One company selling these devices is called Magno-Flo, and I was somewhat surprised yesterday to discover that Carmarthenshire County Council have been trialling the product on 22 vehicles. (I'll bet that it wasn't a 'blind' trial, let alone a 'double-blind' trial. The placebo effect is an extremely powerful phenomenon.) So pleased are they with the outcome that the Policy and Resources Committee has decided to recommend them being fitted on more vehicles, 'where appropriate'. The county runs around 700 vehicles in its fleet, and at £300 a throw, that's a potential £210,000 of council tax-payers' money for 1400 very small magnets. Nice work if you can get it.

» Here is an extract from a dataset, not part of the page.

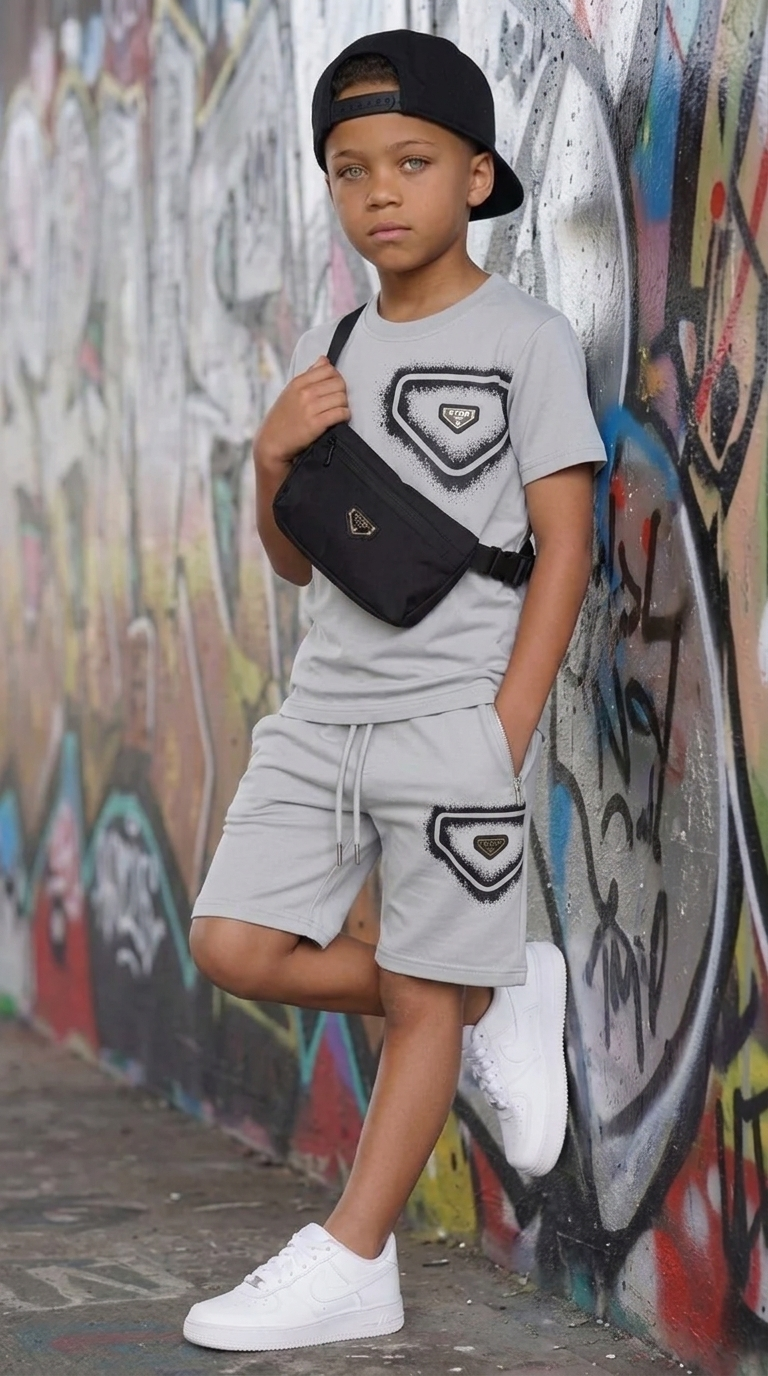 Stoere Icon Original zomer set voor jongens met khaki T-shirt en bijpassende short. Comfortabel, trendy en perfect voor warme dagen. Ideaal voor vakantie en buitenspelen. Verkrijgbaar in maat 98/104 t/m 158/164.

Better yet, the council has become the first (and so far only, as far as I can establish) public authority anywhere in the UK to give a formal endorsement of the product, which the company is using on its website. I wonder whether the department concerned has consulted with their colleagues in Trading Standards? Somehow, I doubt it.
The race is now on to see which local authority will be the first to endorse snake oil as the cure for all ills. Carmarthenshire County Council must start as an early favourite.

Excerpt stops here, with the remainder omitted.